_STORED DATA_.
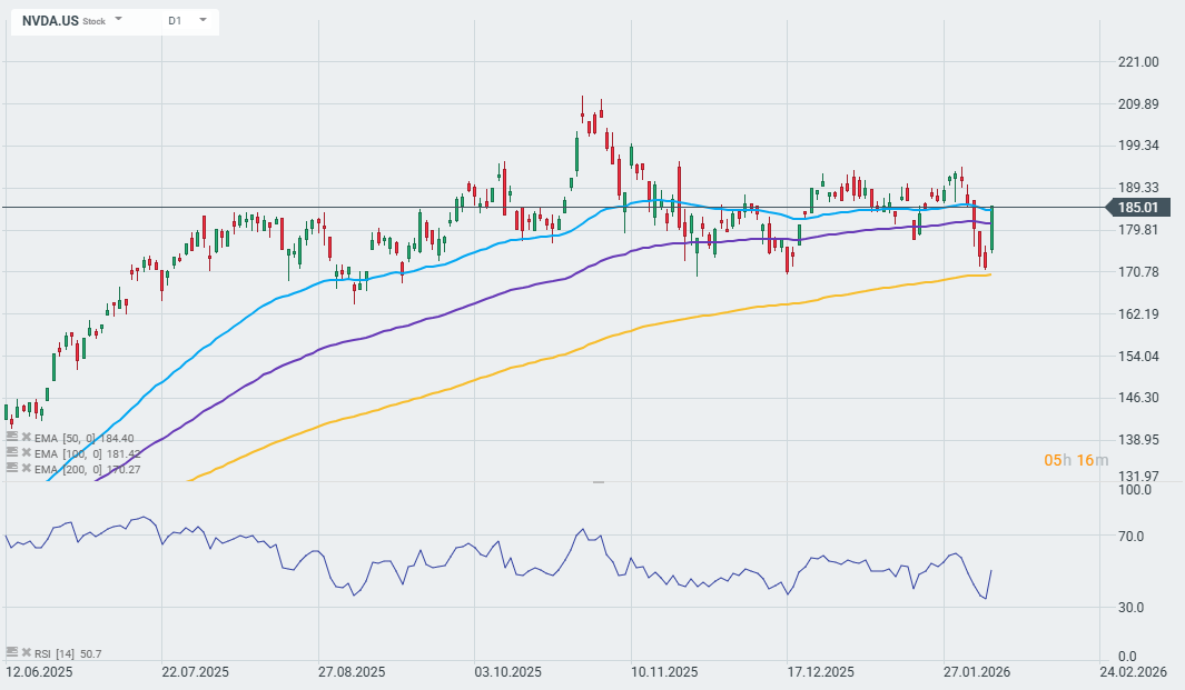 NVIDIA (NVDA.US) shares are up 7.3% today following comments by CEO Jensen Huang, who called the expansion of AI infrastructure a “once-in-a-generation opportunity” lasting 7-8 years. (Cloud computing giants such as Amazon AWS, Microsoft Azure and Google Cloud are building massive data centres for AI and are at the forefront of this boom.)
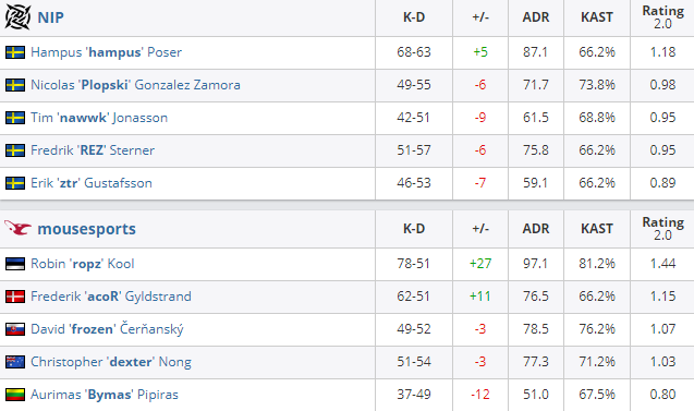 图一是NiP主动选择的Inferno,先做防守方的mouz在acoR手枪局精准的三杀收场之后就一直保持优势,ropz在A1顶住了NiP多次A点强攻。虽然在上半场中期NiP通过控图拿下了几分但是进入下半场后,手感火热的mousesports在进入长枪局之后就直接摧毁了NiP。图二来到mousesports自己选择的Dust2,先做进攻的他们总是出现掉队的情况,经常出现dexter冲在前面后面没人补枪的情况。hampus打得也十分鸡贼总是能够偷到首杀,纵使dexter打下102的ADR,acoR拥有最高的狙杀mousesports还是在图二告负。
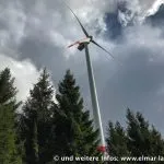 Es geht unerbittlich bergauf, irgendwann lässt die Steigung nach und ich denke – oder hoffe, dass ich jetzt wohl auch endlich mal oben bin. Meistens ist das ein Trugschluss, aber für die Motivation ist ab und an ganz gut, wenn man den Eindruck hat, dass man eine gewisse Etappe hinter sich gelassen hat. Ich bin aber wirklich irgendwie “oben”. Der Wald lichtet sich, freie Schneisen sind mit riesigen Windrändern bepflanzt. Schilder warnen mich vor herunterfallendem Eis.
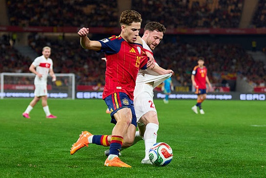 Даже с учетом отсутствия турнирной мотивации у хозяев итоговый результат удивил. Испания вышла в близком к оптимальному составе и забила быстрый гол. На четвертой минуте Ольмо замкнул кросс Кукурельи с фланга. Казалось, что хозяева устроят очередной разнос сопернику, который вышел сразу без трех ключевых игроков созидания – Гюлера, Чалханогу и Йылдыза. Все трое в итоге так и не вышли, однако турки справились и без них. Весь первый тайм они терпели и отбивались, а перед уходом на перерыв выдали всплеск активности и сравняли счет на угловом. Гюль после срезки защитника расстрелял Симона. После перерыва все ждали натиска испанцев, а вместо этого ударный отрезок вновь выдала Турция, сумевшая в итоге забить второй мяч. После скидки Кёкчю шикарный удар нанес Озджан. Дальше завелись уже испанцы, которые довольно быстро отыгрались. Сеюнджю сыграл не лучшим образом аж дважды в рамках одного эпизода и сделал всё для того, чтобы Оярсабаль забил очередной гол за сборную. Однако больше турки не проваливались и прижались к воротам только в самой концовке. Моменты у испанцев были, и не один, но где-то подтащил Байындыр, где-то хозяева сами мазали. Счет так и не изменился. Победная и сухая серии Испании прерываются, а Турция может считать эту ничью реваншем за унижение в первом круге. Весьма приятное впечатление оставила команда Монтеллы. ![]() Фото - Getty Images Ход матча Ляпорт с Кубарси составили пару в центре обороны, а справа вышел Льоренте. Мерино, Руис и Алеш Гарсия составили тройку в центре поля, а Оярсабаля с флангов поддерживали Пино и Ольмо. Гости окопались по 5-4-1. Байындыр появился в рамке, а компанию Демиралу в центре обороны составили Сеюнджю и Акайдын. Челик и Кадыоглу закрыли фланги. Мощный кулак в центре образовали Кекчю, Озджан, Кахведжи и Йылмаз, а на острие расположился Гюль. Гюлер и Йылдыз начали на скамейке, а солировавший с Болгарией Чалханоглу и вовсе остался вне заявки. Уже на четвертой минуте оборона сборной Турции пала. Гарсия разогнал слева Кукурелью, который выдал прострел на Руиса. Фабиан махнул мимо, но мяч дошел до бежавшего дальше Ольмо, который подработал и уложил его в сетку. На исходе стартовой десятиминутки Челик накрыл удар Руиса от угла штрафной, а следом Гюль отмахнулся в борьбе от Ляпорта, разбив защитнику лицо. Предупреждение и столь нужная прижатым к штрафной туркам пауза. Испания давила. Оярсабаль пальнул чуть выше после прострела Ольмо, Гарсия в следующей атаке неточно приложился издали. Ближе к середине тайма уже с угла вратарской влёт не попал в створ Оярсабаль после прострела Льоренте. Дальше уже просто чудом хозяева свой перевес не удвоили. После срезки защитника Оярсабаль выскакивал под углом один на один, но не пожадничал и покатил в центр Пино, удар которого уже по пустому створу блокировал на линии ворот Сеюнджю. На исходе получаса игрового времени Ольмо здорово развернулся на линии штрафной и влепил под перекладину, но спас в этом эпизоде партнеров Байындыр, сумевший перевести мяч на угловой. На угловом подбор после подачи собрал тот же Ольмо и снова зарядил под верхнюю планку. Вновь и Байындыр сыграл здорово, смахнув мяч за лицевую. Повторно разыграли от флажка без остроты хозяева. Следом штрафной на фланге заработал Мерино, но и тут подача не прошла. Турки впервые огрызнулись только минут за десять д
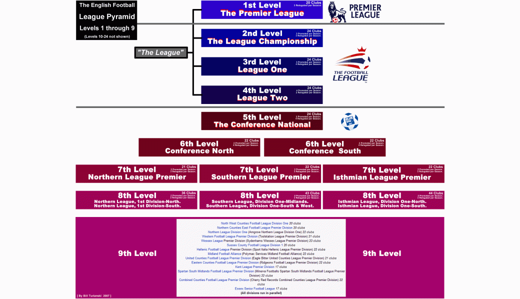 Correspondingly, the three teams that finish at the top of the next lower league are promoted to the top league. This process is repeated throughout a multi-league structure with the total number of leagues depending upon how many eligible teams there are within the overall system. In England for example, there are currently five leagues considered professional national leagues atop a vast network of lower regional leagues.
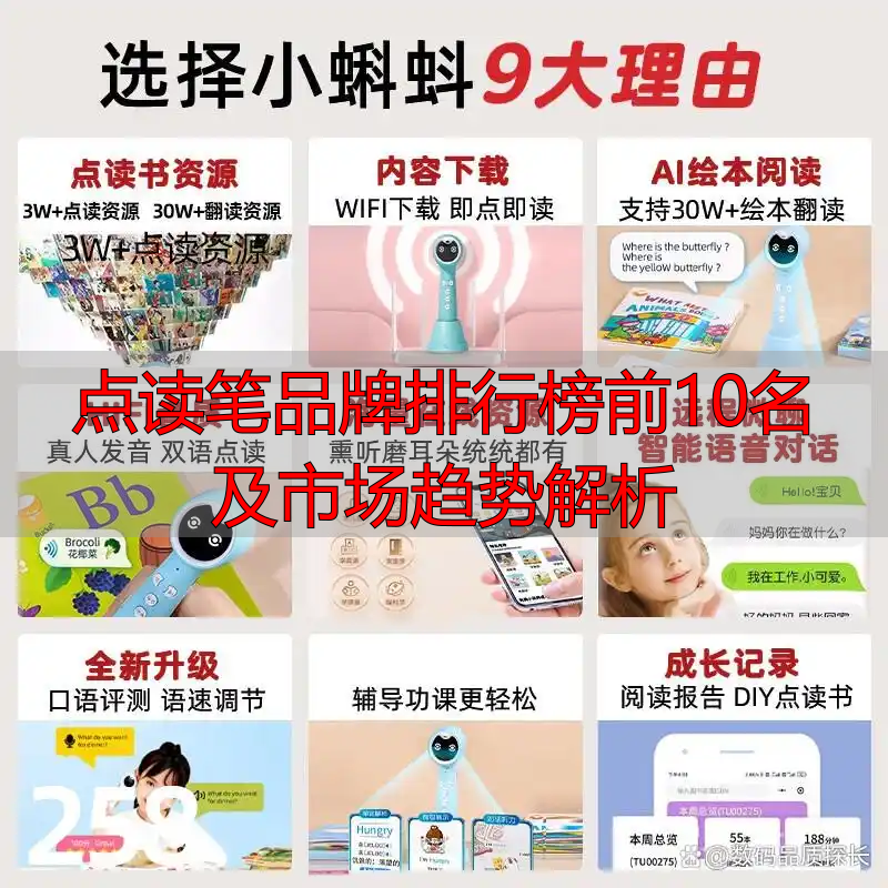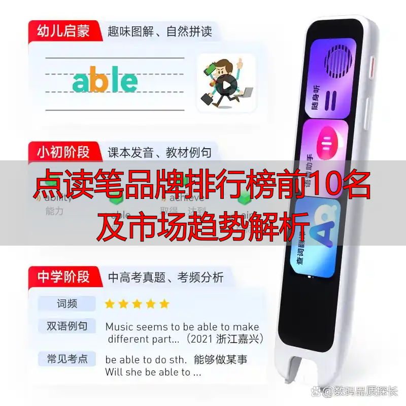 点读笔作为现代教育中的重要辅助工具,其影响正愈发显著。伴随着技术的革新和家长对教育质量的重视,市面上涌现出多款不同品牌的点读笔,形成了点读笔品牌排行榜前10名。每个品牌都有其核心竞争力,有的注重语言学习,有的则强调多学科知识的整合。在挑选时,不同家庭应根据孩子的学习阶段、兴趣及使用习惯来选择合适的产品。本文所列的品牌均经过市场验证,具备良好的口碑和教育效果。坚持以教育为核心价值观,这些品牌不仅关注产品的创新,更注重提供科学和个性化的学习体验。希望通过我们的评测,能帮助家长们找到最适合孩子背后的那款点读笔,让学习变得更加轻松、有趣。

_THE PROBLEM_.
Full copy, no pictures: write out each line of the data exactly as it stands.

_REPLY TO THE EXERCISE_.
 NVIDIA (NVDA.US) shares are up 7.3% today following comments by CEO Jensen Huang, who called the expansion of AI infrastructure a “once-in-a-generation opportunity” lasting 7-8 years. (Cloud computing giants such as Amazon AWS, Microsoft Azure and Google Cloud are building massive data centres for AI and are at the forefront of this boom.)
 图一是NiP主动选择的Inferno,先做防守方的mouz在acoR手枪局精准的三杀收场之后就一直保持优势,ropz在A1顶住了NiP多次A点强攻。虽然在上半场中期NiP通过控图拿下了几分但是进入下半场后,手感火热的mousesports在进入长枪局之后就直接摧毁了NiP。图二来到mousesports自己选择的Dust2,先做进攻的他们总是出现掉队的情况,经常出现dexter冲在前面后面没人补枪的情况。hampus打得也十分鸡贼总是能够偷到首杀,纵使dexter打下102的ADR,acoR拥有最高的狙杀mousesports还是在图二告负。
 Es geht unerbittlich bergauf, irgendwann lässt die Steigung nach und ich denke – oder hoffe, dass ich jetzt wohl auch endlich mal oben bin. Meistens ist das ein Trugschluss, aber für die Motivation ist ab und an ganz gut, wenn man den Eindruck hat, dass man eine gewisse Etappe hinter sich gelassen hat. Ich bin aber wirklich irgendwie “oben”. Der Wald lichtet sich, freie Schneisen sind mit riesigen Windrändern bepflanzt. Schilder warnen mich vor herunterfallendem Eis.
 Даже с учетом отсутствия турнирной мотивации у хозяев итоговый результат удивил. Испания вышла в близком к оптимальному составе и забила быстрый гол. На четвертой минуте Ольмо замкнул кросс Кукурельи с фланга. Казалось, что хозяева устроят очередной разнос сопернику, который вышел сразу без трех ключевых игроков созидания – Гюлера, Чалханогу и Йылдыза. Все трое в итоге так и не вышли, однако турки справились и без них. Весь первый тайм они терпели и отбивались, а перед уходом на перерыв выдали всплеск активности и сравняли счет на угловом. Гюль после срезки защитника расстрелял Симона. После перерыва все ждали натиска испанцев, а вместо этого ударный отрезок вновь выдала Турция, сумевшая в итоге забить второй мяч. После скидки Кёкчю шикарный удар нанес Озджан. Дальше завелись уже испанцы, которые довольно быстро отыгрались. Сеюнджю сыграл не лучшим образом аж дважды в рамках одного эпизода и сделал всё для того, чтобы Оярсабаль забил очередной гол за сборную. Однако больше турки не проваливались и прижались к воротам только в самой концовке. Моменты у испанцев были, и не один, но где-то подтащил Байындыр, где-то хозяева сами мазали. Счет так и не изменился. Победная и сухая серии Испании прерываются, а Турция может считать эту ничью реваншем за унижение в первом круге. Весьма приятное впечатление оставила команда Монтеллы. ![]() Фото - Getty Images Ход матча Ляпорт с Кубарси составили пару в центре обороны, а справа вышел Льоренте. Мерино, Руис и Алеш Гарсия составили тройку в центре поля, а Оярсабаля с флангов поддерживали Пино и Ольмо. Гости окопались по 5-4-1. Байындыр появился в рамке, а компанию Демиралу в центре обороны составили Сеюнджю и Акайдын. Челик и Кадыоглу закрыли фланги. Мощный кулак в центре образовали Кекчю, Озджан, Кахведжи и Йылмаз, а на острие расположился Гюль. Гюлер и Йылдыз начали на скамейке, а солировавший с Болгарией Чалханоглу и вовсе остался вне заявки. Уже на четвертой минуте оборона сборной Турции пала. Гарсия разогнал слева Кукурелью, который выдал прострел на Руиса. Фабиан махнул мимо, но мяч дошел до бежавшего дальше Ольмо, который подработал и уложил его в сетку. На исходе стартовой десятиминутки Челик накрыл удар Руиса от угла штрафной, а следом Гюль отмахнулся в борьбе от Ляпорта, разбив защитнику лицо. Предупреждение и столь нужная прижатым к штрафной туркам пауза. Испания давила. Оярсабаль пальнул чуть выше после прострела Ольмо, Гарсия в следующей атаке неточно приложился издали. Ближе к середине тайма уже с угла вратарской влёт не попал в створ Оярсабаль после прострела Льоренте. Дальше уже просто чудом хозяева свой перевес не удвоили. После срезки защитника Оярсабаль выскакивал под углом один на один, но не пожадничал и покатил в центр Пино, удар которого уже по пустому створу блокировал на линии ворот Сеюнджю. На исходе получаса игрового времени Ольмо здорово развернулся на линии штрафной и влепил под перекладину, но спас в этом эпизоде партнеров Байындыр, сумевший перевести мяч на угловой. На угловом подбор после подачи собрал тот же Ольмо и снова зарядил под верхнюю планку. Вновь и Байындыр сыграл здорово, смахнув мяч за лицевую. Повторно разыграли от флажка без остроты хозяева. Следом штрафной на фланге заработал Мерино, но и тут подача не прошла. Турки впервые огрызнулись только минут за десять д
 Correspondingly, the three teams that finish at the top of the next lower league are promoted to the top league. This process is repeated throughout a multi-league structure with the total number of leagues depending upon how many eligible teams there are within the overall system. In England for example, there are currently five leagues considered professional national leagues atop a vast network of lower regional leagues.
 点读笔作为现代教育中的重要辅助工具,其影响正愈发显著。伴随着技术的革新和家长对教育质量的重视,市面上涌现出多款不同品牌的点读笔,形成了点读笔品牌排行榜前10名。每个品牌都有其核心竞争力,有的注重语言学习,有的则强调多学科知识的整合。在挑选时,不同家庭应根据孩子的学习阶段、兴趣及使用习惯来选择合适的产品。本文所列的品牌均经过市场验证,具备良好的口碑和教育效果。坚持以教育为核心价值观,这些品牌不仅关注产品的创新,更注重提供科学和个性化的学习体验。希望通过我们的评测,能帮助家长们找到最适合孩子背后的那款点读笔,让学习变得更加轻松、有趣。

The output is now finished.